Electron Transport Chain (ETC):

• Eukaryotes are located in the cristae of the mitochondria
• Aerobic prokaryotes are located in the plasma membrane
• ETC consists of a series of carrier molecules
• The chain Passes energy-rich electrons successively from one to another
• The chain Contains complex arrays of protein and cytochrome (Proteins with heme groups with central iron atoms)
• The ETC receives electrons from NADH and FADH2 and produces ATP by oxidative phosphorylation Oxygen is the final electron acceptor, and combines with hydrogen ions to form water
• Three protein complexes = NADH-Q reductase complex, cytochrome reductase complex, and cytochrome oxidase complex.
• Pumps H from matrix (intermembrane space, cytochrome c).
• Also consists of 2 electron carrier molecules that transport e between complexes = Coenzyme Q.
• High E electrons carried by NADH and FADH2 enter ETC, and low E electrons leave it.
• The complexes use the energy released to pump protons from matrix to intermembrane space against their concentration gradient.
• H+ becomes more concentrated in the intermembrane space, creating an electrochemical gradient.
• ATP synthase allows H+ to flow down its gradient, which drives the synthesis of ATP from ADP and inorganic phosphate by ATP synthase.
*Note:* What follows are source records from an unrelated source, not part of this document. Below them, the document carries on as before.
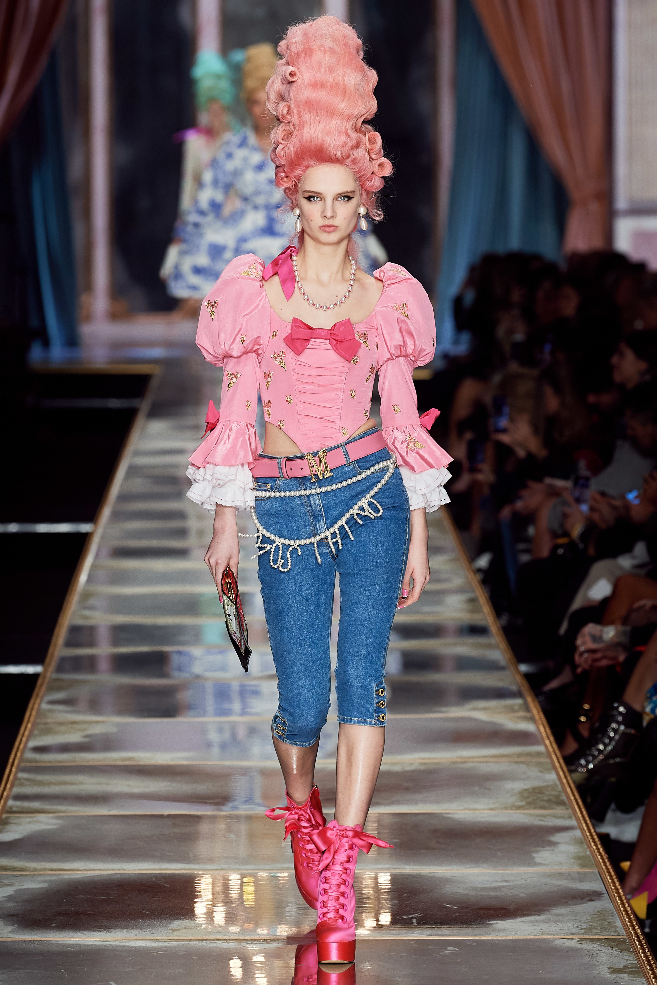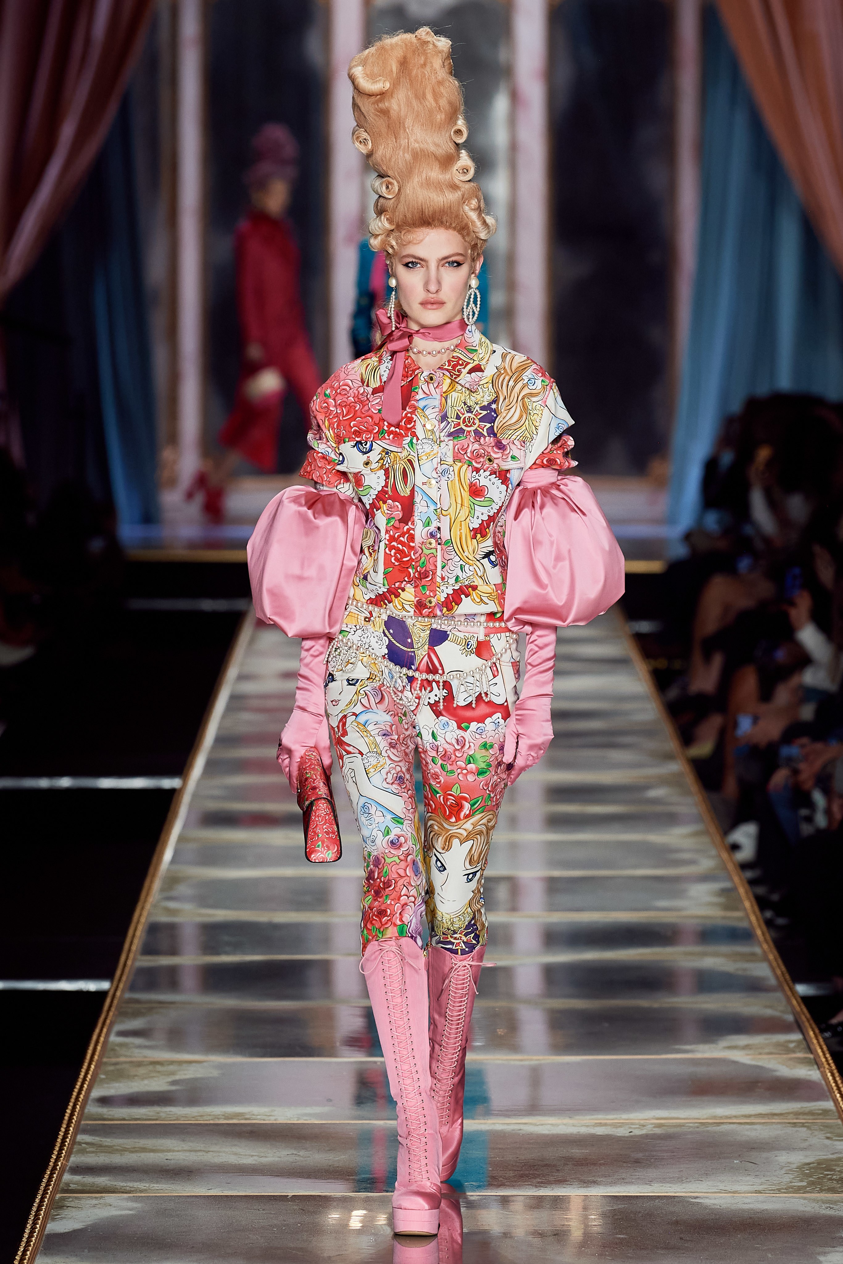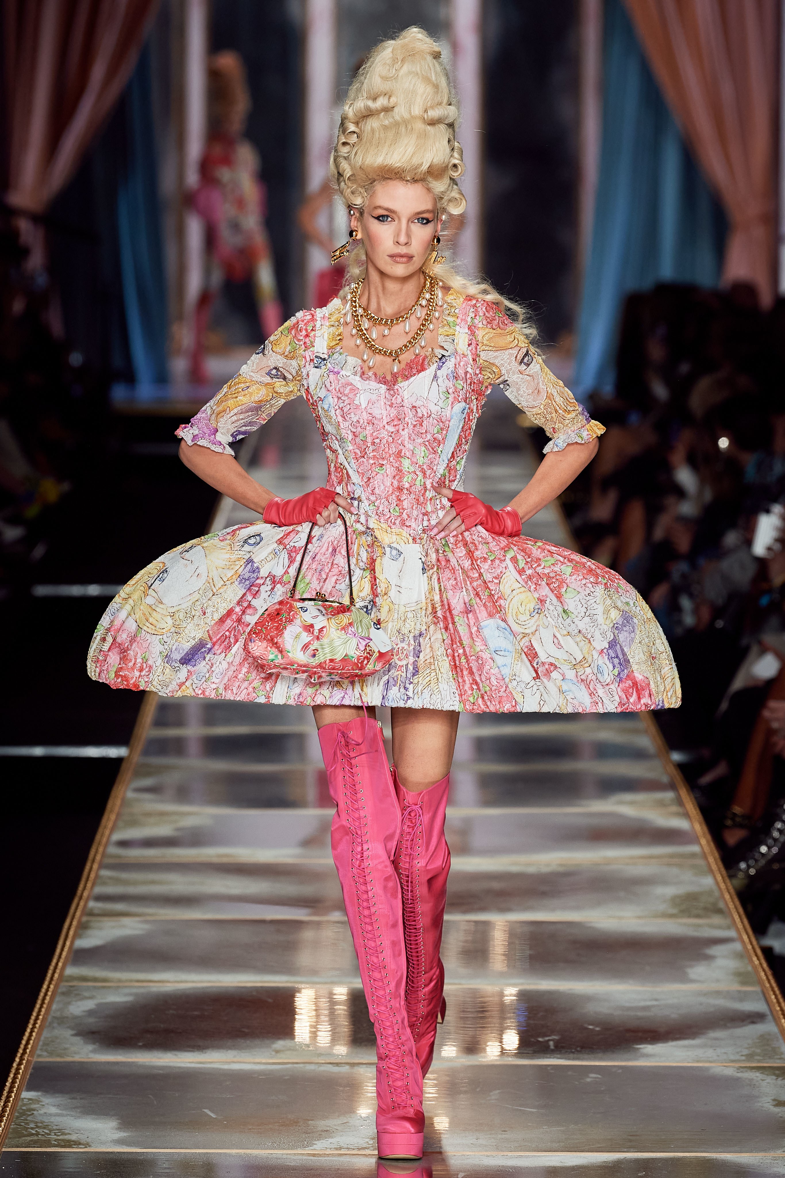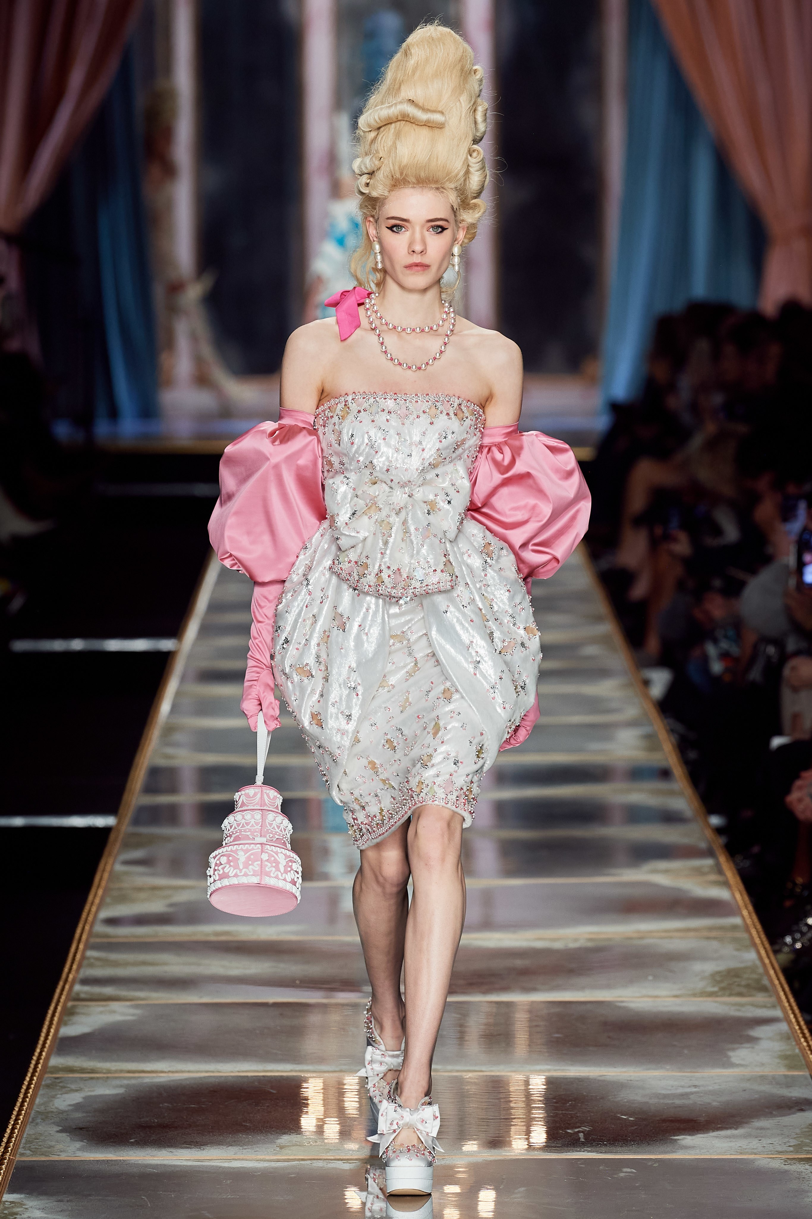 Пышная конструкция панье или кринолина — один из самых интересных и неожиданных трендов сезона. Модели, в том числе и Джиджи Хадид, выходили к гостям в высоких париках конфетных оттенков и платьях в духе рококо. Камзолы, зауженные кюлоты и фраки с богатой вышивкой также вошли в коллекцию. Дополнили всё платья в бантах с кружевами в стиле японских фрик-модниц токийского района Харадзюку и сумочки в виде сладостей.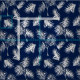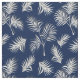 Tropiskt tryckt tyg med mönster i vit handflatan löv på midnattblå bakgrund.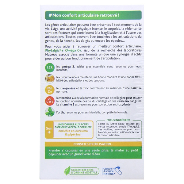 Ce complément alimentaire contient de l’huile de poisson et de l’huile de pépins de cassis. Les oméga-3, aux propriétés anti-inflammatoires, contribuent à réduire les sensibilités articulaires et favorisent une meilleure mobilité. Ce supplément renferme aussi de la vitamine C qui est indispensable à la production de collagène pour soutenir la structure des cartilages et pour préserver leur intégrité. Quant à l’huile de pépins de cassis, elle est source naturelle d’antioxydants pour protéger les cellules des articulations contre le stress oxydatif. Le Phytalgic Oméga C+ est aussi enrichi en manganèse et en zinc qui contribuent à renforcer l’ossature. La vitamine E pour sa part assure une action antioxydante, et l’ortie complète la formule avec ses propriétés détoxifiantes.
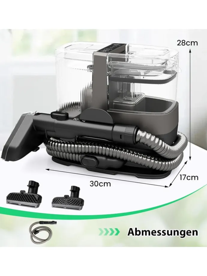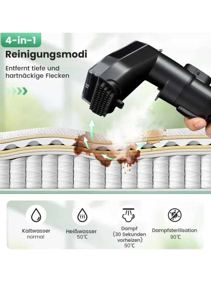 Erleben Sie ein makelloses Zuhause mit diesem leistungsstarken Polsterreiniger, ausgestattet mit einem 1800W Motor, der eine starke Saugkraft von über 17kPa gewährleistet und auch hartnäckige Flecken mühelos entfernt. Die abnehmbaren Frisch- und Abwassertanks minimieren Unterbrechungen, machen Nachfüllen schnell und einfach. Außerdem sind die vielseitigen Bürstenköpfe für Teppiche, Sofas und schwer erreichbare Ecken konzipiert. Mit 4 vielseitigen Reinigungsmodi – Kaltwasser, Heißwasser, Dampf (bereit in 30 Sekunden) und Dampfsterilisation – können Sie Ihre Reinigungsmethode individuell anpassen für sanftes Ausspülen oder Tiefenreinigung. Das lange Stromkabel und der Schlauch bieten erweiterte Reichweite, während das leichte und tragbare Design eine mühelose Handhabung sicherstellt.

Energy Yield from Glucose Metabolism:

• 2 net ATP result from glucose becoming 2 pyruvate in Glycolysis
• Two NADH from Glycolysis leads on to 4 or 6 ATP in electron train transport
• Glucose results in 2 Net ATP in Glycolysis, two NADH and further along process
• 2 NADH, 2 Acetyl, 2CO2 , 6 NADH,2 ATP, 2 FADH2, H+

Fermentation:

• Pyruvate is a pivotal metabolite in cellular respiration.
• If O₂ is absent, the cell will ferment, an anaerobic process in the cytoplasm.
• Glucose is incompletely metabolized either to:
• Lactatic acid fermentation (e.g.:lactic-acid bacteria and some animal cells)
• Alcoholic fermentation: alcohol and CO₂ (e.g.: yeast).
• Fermentation advantages include providing a quick burst of ATP, which is low but rapid, and regeneration of NAD+.
• Disadvantages are alcohol and lactate are toxic.
• Lactate causes changes in pH and fatigue in muscles.
• Other issues include oxygen debt and yeast die off
• Fermentation takes Glucose inputs resulting in 2 ATP, 2 ADP + 2 P = 2 lactate or 2 alcohol and 2 COO₂.

Metabolic Reactions:

• Catabolism involves Degradative reactions, is exergonic, and catabolism produces molecules that can be used for anabolism of other compounds.
• Anabolism involves Synthetic reactions, is endergonic.
• Both catabolism and anabolism utilize the same pools of metabolites.
• The metabolic pool concept includes amino acids creating proteins, glucose creating carbohydrates and glycerol and fatty acids creating fats. Excess CHO results in formation of fat, and Extra G3P is converted to glycerol and FA.